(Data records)
[Start of section]

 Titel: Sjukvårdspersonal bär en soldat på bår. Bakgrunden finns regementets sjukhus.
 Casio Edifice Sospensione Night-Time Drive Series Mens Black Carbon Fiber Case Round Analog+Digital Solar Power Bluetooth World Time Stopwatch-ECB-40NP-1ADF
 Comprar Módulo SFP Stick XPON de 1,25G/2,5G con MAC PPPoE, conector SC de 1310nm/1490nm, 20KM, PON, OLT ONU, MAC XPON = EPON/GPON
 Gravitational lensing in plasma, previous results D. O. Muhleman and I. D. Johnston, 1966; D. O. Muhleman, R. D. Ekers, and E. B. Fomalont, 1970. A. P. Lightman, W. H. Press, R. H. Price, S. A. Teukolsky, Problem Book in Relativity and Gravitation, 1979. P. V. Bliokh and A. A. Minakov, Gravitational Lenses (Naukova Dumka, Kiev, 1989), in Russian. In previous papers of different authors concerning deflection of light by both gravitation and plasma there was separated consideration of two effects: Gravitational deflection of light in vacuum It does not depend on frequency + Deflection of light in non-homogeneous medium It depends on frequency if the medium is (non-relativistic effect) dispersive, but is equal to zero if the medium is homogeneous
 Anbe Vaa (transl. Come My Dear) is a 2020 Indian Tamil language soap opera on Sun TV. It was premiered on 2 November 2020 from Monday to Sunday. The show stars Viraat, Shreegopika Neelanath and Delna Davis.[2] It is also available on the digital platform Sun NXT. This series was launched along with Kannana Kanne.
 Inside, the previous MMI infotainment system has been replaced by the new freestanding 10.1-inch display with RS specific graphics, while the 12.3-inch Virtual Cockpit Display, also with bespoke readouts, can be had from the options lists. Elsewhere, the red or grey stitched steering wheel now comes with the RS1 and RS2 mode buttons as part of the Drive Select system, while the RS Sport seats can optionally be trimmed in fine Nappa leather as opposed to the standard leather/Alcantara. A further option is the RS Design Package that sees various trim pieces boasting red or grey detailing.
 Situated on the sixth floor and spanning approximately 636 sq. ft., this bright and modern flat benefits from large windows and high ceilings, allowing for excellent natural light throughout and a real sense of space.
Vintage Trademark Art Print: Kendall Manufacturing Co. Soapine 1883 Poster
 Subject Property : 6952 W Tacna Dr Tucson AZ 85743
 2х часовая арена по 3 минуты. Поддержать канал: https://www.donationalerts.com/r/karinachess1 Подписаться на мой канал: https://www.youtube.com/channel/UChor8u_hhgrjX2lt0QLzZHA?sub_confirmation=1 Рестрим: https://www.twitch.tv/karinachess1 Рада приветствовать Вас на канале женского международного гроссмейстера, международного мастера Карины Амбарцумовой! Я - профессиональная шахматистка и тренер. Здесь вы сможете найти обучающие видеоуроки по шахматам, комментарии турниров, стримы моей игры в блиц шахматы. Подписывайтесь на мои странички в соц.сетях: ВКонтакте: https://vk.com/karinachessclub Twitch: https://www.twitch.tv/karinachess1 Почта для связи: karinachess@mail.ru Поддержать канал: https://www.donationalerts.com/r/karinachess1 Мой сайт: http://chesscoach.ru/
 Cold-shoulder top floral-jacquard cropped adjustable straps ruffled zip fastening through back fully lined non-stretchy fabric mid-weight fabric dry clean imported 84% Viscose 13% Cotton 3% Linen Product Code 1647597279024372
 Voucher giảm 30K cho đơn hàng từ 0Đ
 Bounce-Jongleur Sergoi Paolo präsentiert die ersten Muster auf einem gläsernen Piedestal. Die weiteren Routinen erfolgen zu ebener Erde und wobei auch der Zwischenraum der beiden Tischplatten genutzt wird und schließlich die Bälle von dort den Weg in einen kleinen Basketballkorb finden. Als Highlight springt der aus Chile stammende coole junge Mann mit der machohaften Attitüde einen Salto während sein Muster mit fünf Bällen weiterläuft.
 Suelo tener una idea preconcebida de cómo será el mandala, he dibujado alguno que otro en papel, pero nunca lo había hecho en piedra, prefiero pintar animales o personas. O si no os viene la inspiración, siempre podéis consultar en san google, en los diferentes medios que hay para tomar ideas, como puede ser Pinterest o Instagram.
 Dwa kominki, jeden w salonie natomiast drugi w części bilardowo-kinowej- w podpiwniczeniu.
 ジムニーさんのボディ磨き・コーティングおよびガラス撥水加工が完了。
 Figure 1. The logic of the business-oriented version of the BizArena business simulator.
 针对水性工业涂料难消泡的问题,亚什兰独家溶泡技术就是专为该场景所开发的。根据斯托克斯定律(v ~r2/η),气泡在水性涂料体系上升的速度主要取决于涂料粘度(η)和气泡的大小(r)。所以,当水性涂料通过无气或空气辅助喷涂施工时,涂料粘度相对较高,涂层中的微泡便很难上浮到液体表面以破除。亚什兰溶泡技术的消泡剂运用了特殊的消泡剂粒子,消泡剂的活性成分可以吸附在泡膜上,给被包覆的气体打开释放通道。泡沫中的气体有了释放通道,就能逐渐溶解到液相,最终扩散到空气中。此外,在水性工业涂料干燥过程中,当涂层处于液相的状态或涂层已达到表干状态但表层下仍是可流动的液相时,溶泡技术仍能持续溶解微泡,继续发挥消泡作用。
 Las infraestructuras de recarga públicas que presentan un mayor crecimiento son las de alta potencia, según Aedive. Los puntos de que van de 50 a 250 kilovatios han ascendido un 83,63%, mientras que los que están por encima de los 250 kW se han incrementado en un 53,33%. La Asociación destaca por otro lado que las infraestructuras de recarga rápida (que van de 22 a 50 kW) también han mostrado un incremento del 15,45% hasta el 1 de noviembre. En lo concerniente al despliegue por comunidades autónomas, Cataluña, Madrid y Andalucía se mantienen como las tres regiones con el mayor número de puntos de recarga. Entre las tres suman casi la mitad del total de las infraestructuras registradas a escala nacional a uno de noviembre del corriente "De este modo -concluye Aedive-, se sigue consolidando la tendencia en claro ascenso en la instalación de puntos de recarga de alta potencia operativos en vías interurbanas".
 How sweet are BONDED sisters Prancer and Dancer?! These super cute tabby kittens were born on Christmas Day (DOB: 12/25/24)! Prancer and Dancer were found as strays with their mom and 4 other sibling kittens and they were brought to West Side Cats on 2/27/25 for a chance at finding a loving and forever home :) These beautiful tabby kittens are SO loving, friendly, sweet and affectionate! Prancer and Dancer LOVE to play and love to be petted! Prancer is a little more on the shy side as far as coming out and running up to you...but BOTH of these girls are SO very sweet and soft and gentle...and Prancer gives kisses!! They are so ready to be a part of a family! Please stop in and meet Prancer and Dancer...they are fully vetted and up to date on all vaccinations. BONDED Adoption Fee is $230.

[End of section]

# WHAT IS REQUIRED:
Of the lines above, retype only those from the line containing "Vintage Trademark Art" through the line containing "Subject Property : 6952", including both, exactly.

# RESPONSE TO THE TASK:
Vintage Trademark Art Print: Kendall Manufacturing Co. Soapine 1883 Poster
 Subject Property : 6952 W Tacna Dr Tucson AZ 85743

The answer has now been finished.